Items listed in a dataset
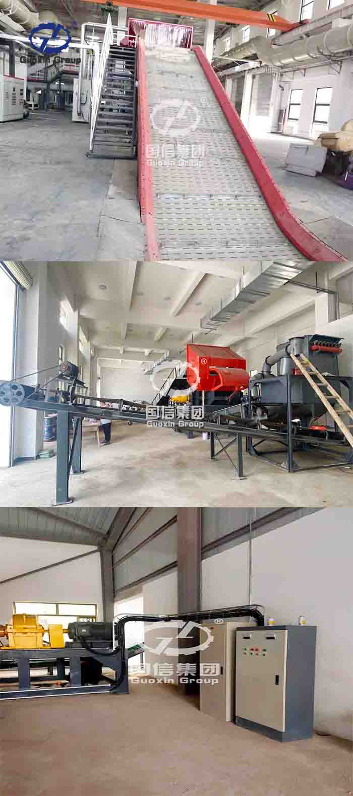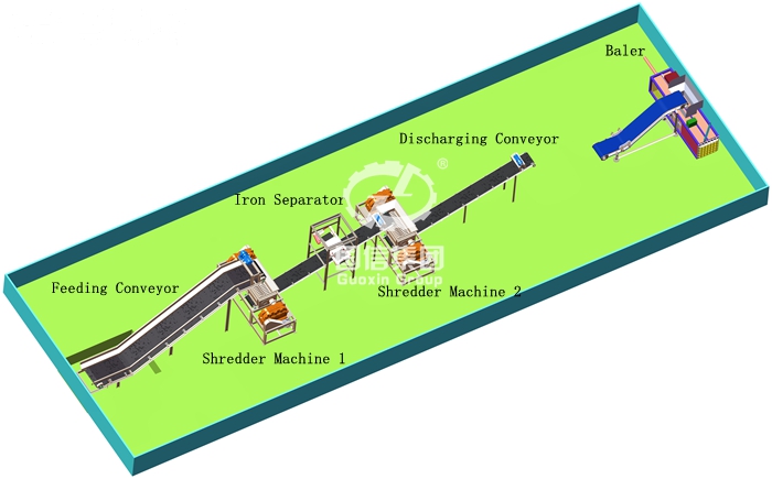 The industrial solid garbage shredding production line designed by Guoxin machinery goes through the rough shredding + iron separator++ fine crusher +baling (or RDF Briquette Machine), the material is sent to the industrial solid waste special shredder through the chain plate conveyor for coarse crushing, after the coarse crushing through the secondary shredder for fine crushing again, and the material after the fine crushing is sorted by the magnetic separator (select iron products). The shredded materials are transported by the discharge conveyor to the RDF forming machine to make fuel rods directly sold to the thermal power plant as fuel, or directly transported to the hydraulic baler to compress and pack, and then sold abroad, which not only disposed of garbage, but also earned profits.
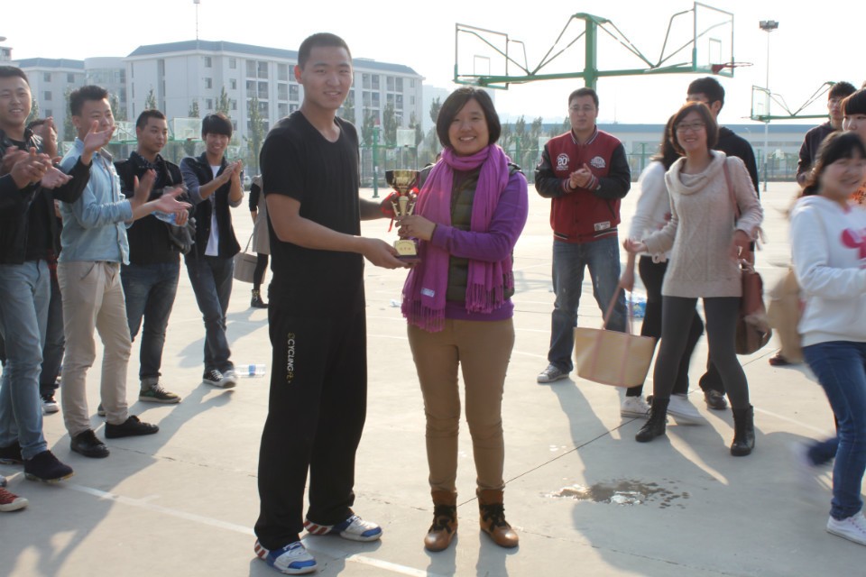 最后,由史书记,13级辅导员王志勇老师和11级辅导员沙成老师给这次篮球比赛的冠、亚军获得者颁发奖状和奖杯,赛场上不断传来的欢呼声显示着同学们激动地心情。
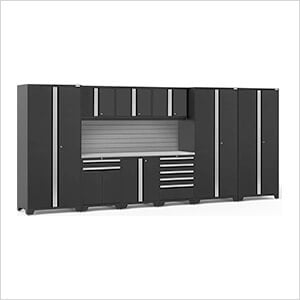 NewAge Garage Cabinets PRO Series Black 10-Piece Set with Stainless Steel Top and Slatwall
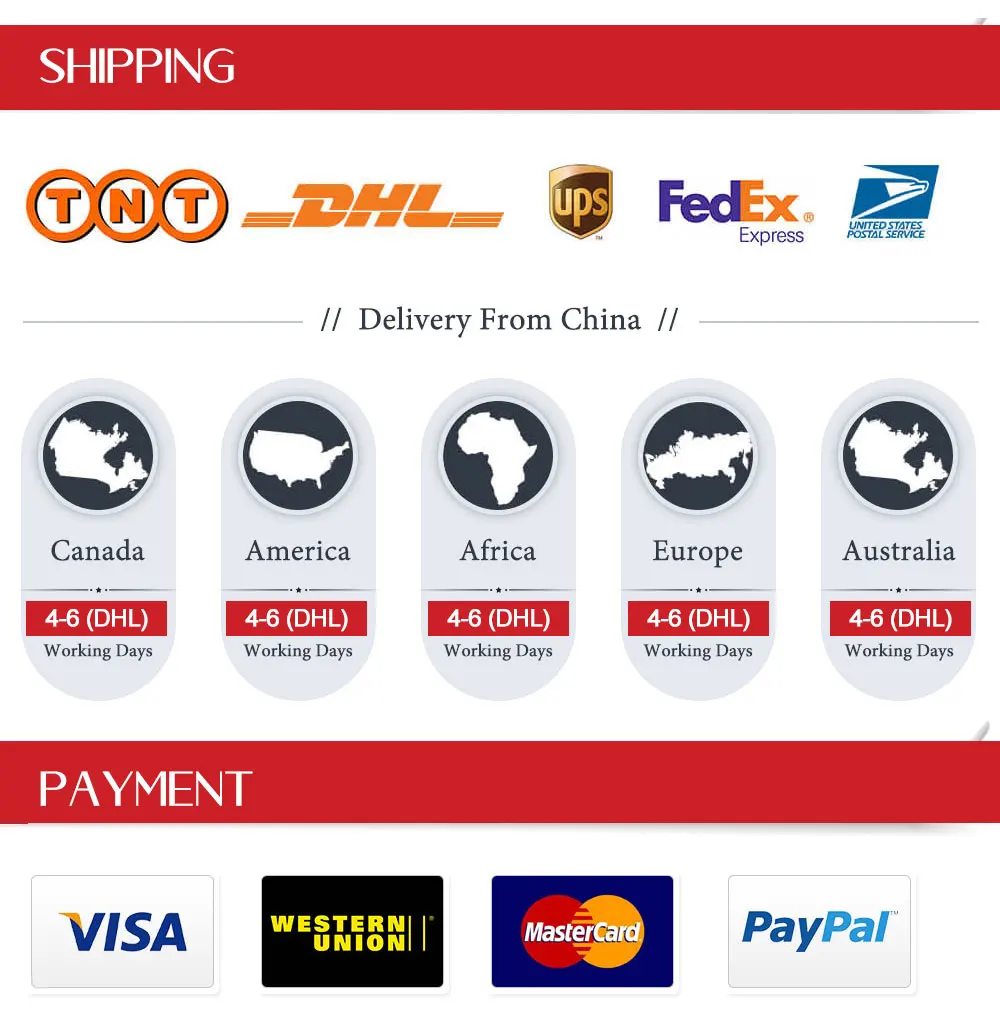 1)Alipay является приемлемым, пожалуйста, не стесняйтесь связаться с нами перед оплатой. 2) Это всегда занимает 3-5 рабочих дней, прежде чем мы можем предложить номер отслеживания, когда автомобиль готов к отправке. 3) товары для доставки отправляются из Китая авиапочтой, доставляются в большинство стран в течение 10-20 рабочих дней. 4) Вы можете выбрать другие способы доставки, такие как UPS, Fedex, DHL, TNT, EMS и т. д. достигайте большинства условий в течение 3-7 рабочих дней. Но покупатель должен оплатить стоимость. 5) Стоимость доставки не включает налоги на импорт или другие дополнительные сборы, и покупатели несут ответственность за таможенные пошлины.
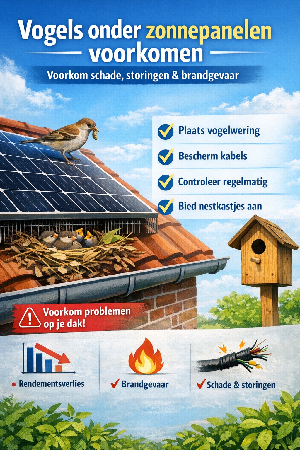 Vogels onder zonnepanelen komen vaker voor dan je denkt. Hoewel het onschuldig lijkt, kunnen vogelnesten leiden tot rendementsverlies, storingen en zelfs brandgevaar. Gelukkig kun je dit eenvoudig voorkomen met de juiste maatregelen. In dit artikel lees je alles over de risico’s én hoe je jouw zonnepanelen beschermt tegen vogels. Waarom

**What you should do**
What you output should match the records line for line, minus the pictures.

**Completed task**
 The industrial solid garbage shredding production line designed by Guoxin machinery goes through the rough shredding + iron separator++ fine crusher +baling (or RDF Briquette Machine), the material is sent to the industrial solid waste special shredder through the chain plate conveyor for coarse crushing, after the coarse crushing through the secondary shredder for fine crushing again, and the material after the fine crushing is sorted by the magnetic separator (select iron products). The shredded materials are transported by the discharge conveyor to the RDF forming machine to make fuel rods directly sold to the thermal power plant as fuel, or directly transported to the hydraulic baler to compress and pack, and then sold abroad, which not only disposed of garbage, but also earned profits.
 最后,由史书记,13级辅导员王志勇老师和11级辅导员沙成老师给这次篮球比赛的冠、亚军获得者颁发奖状和奖杯,赛场上不断传来的欢呼声显示着同学们激动地心情。
 NewAge Garage Cabinets PRO Series Black 10-Piece Set with Stainless Steel Top and Slatwall
 1)Alipay является приемлемым, пожалуйста, не стесняйтесь связаться с нами перед оплатой. 2) Это всегда занимает 3-5 рабочих дней, прежде чем мы можем предложить номер отслеживания, когда автомобиль готов к отправке. 3) товары для доставки отправляются из Китая авиапочтой, доставляются в большинство стран в течение 10-20 рабочих дней. 4) Вы можете выбрать другие способы доставки, такие как UPS, Fedex, DHL, TNT, EMS и т. д. достигайте большинства условий в течение 3-7 рабочих дней. Но покупатель должен оплатить стоимость. 5) Стоимость доставки не включает налоги на импорт или другие дополнительные сборы, и покупатели несут ответственность за таможенные пошлины.
 Vogels onder zonnepanelen komen vaker voor dan je denkt. Hoewel het onschuldig lijkt, kunnen vogelnesten leiden tot rendementsverlies, storingen en zelfs brandgevaar. Gelukkig kun je dit eenvoudig voorkomen met de juiste maatregelen. In dit artikel lees je alles over de risico’s én hoe je jouw zonnepanelen beschermt tegen vogels. Waarom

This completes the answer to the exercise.